The focus on liquidity mechanisms underscores a strategic approach in navigating the challenges posed by high energy prices. The potential benefits for metals and mining sectors present an interesting contrast to the difficulties faced by others, indicating a nuanced economic landscape.
NationPress
21 Jun 2026

Frequently Asked Questions

Why is the RBI likely to keep interest rates unchanged?
The RBI is expected to maintain interest rates due to a focus on liquidity tools and the current state of crude oil prices, which are significantly higher than anticipated.

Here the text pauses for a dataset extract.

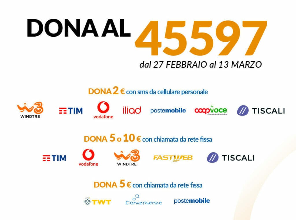 Dal 27 febbraio al 13 marzo è possibile sostenere WeWorld e proteggere i bambini e le bambine dell’Ucraina dagli effetti della guerra e le vittime di violenza in Italia, donando 2 euro con sms al 45597 dai cellulari personali Wind Tre, TIM, Vodafone, Iliad, PosteMobile, Coop Voce, Tiscali o 5 e 10 euro da rete fissa TIM, Vodafone, Wind Tre, Fastweb e Tiscali; 5 euro chiamando lo stesso numero da rete fissa TWT, Convergenze, PosteMobile.
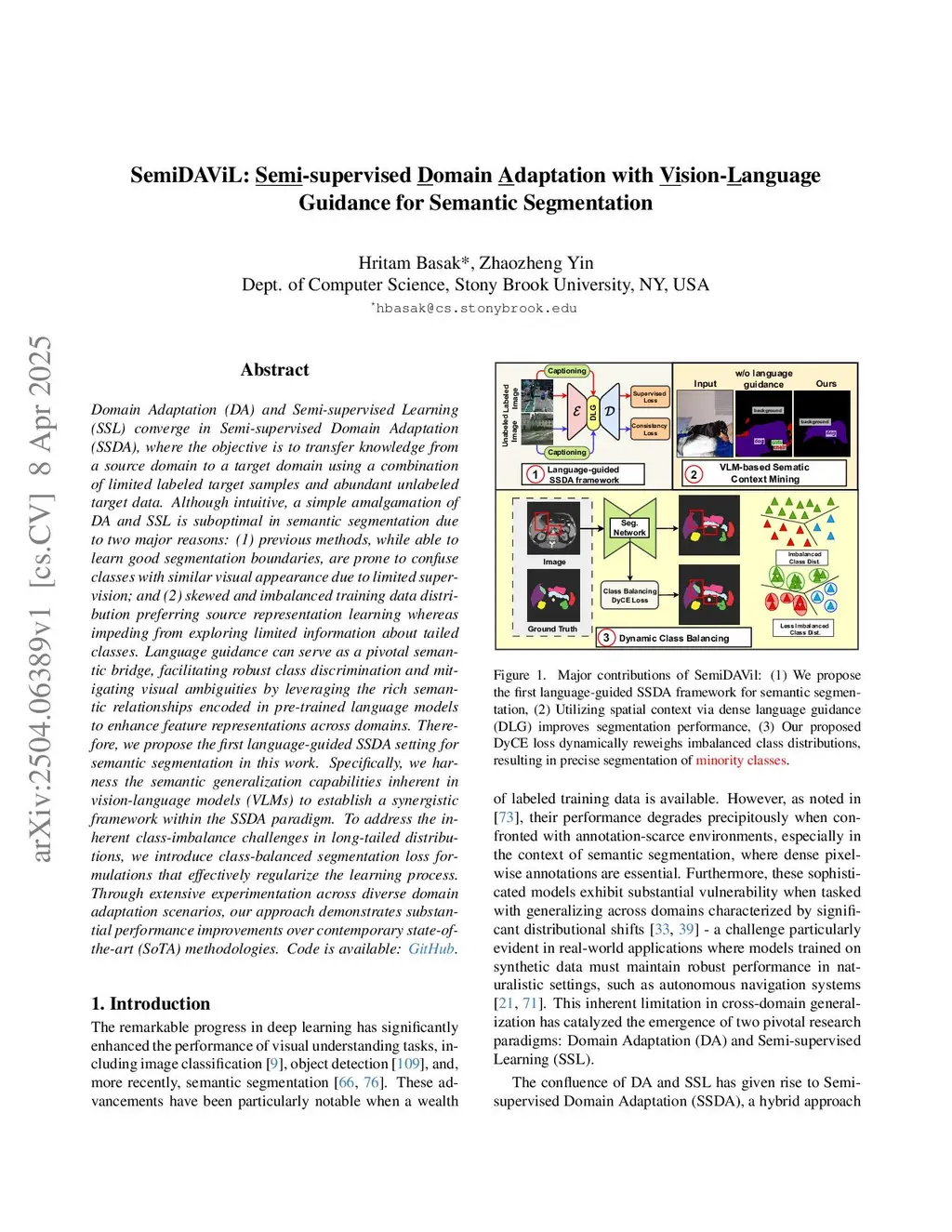 Domain Adaptation (DA) and Semi-supervised Learning (SSL) converge in Semi-supervised Domain Adaptation (SSDA), where the objective is to transfer knowledge from a source domain to a target domain using a combination of limited labeled target samples and abundant unlabeled target data. Although intuitive, a simple amalgamation of DA and SSL is suboptimal in semantic segmentation due to two major reasons: (1) previous methods, while able to learn good segmentation boundaries, are prone to confuse classes with similar visual appearance due to limited supervision; and (2) skewed and imbalanced training data distribution preferring source representation learning whereas impeding from exploring limited information about tailed classes. Language guidance can serve as a pivotal semantic bridge, facilitating robust class discrimination and mitigating visual ambiguities by leveraging the rich semantic relationships encoded in pre-trained language models to enhance feature representations across domains. Therefore, we propose the first language-guided SSDA setting for semantic segmentation in this work. Specifically, we harness the semantic generalization capabilities inherent in vision-language models (VLMs) to establish a synergistic framework within the SSDA paradigm. To address the inherent class-imbalance challenges in long-tailed distributions, we introduce class-balanced segmentation loss formulations that effectively regularize the learning process. Through extensive experimentation across diverse domain adaptation scenarios, our approach demonstrates substantial performance improvements over contemporary state-of-the-art (SoTA) methodologies. Code is available: \href{this https URL}{GitHub}.

What sectors are likely to benefit from high energy prices?
Sectors such as metals and mining are projected to benefit, while airlines, tourism, chemicals, fertilizers, and textiles may experience negative impacts.
What is the expected GDP growth for FY27?
The real GDP growth is expected to moderate to about 6.5% in FY27, down from an estimated 7.8% in FY26.
What inflation rate does the report predict for FY27?
The report projects CPI inflation to average around 5% in FY27, with some months potentially nearing 6%.
How might geopolitical disruptions affect crude oil prices?
Increased geopolitical tensions may lead to precautionary inventory builds and strategic reserve expansions, keeping crude oil prices elevated for a longer period.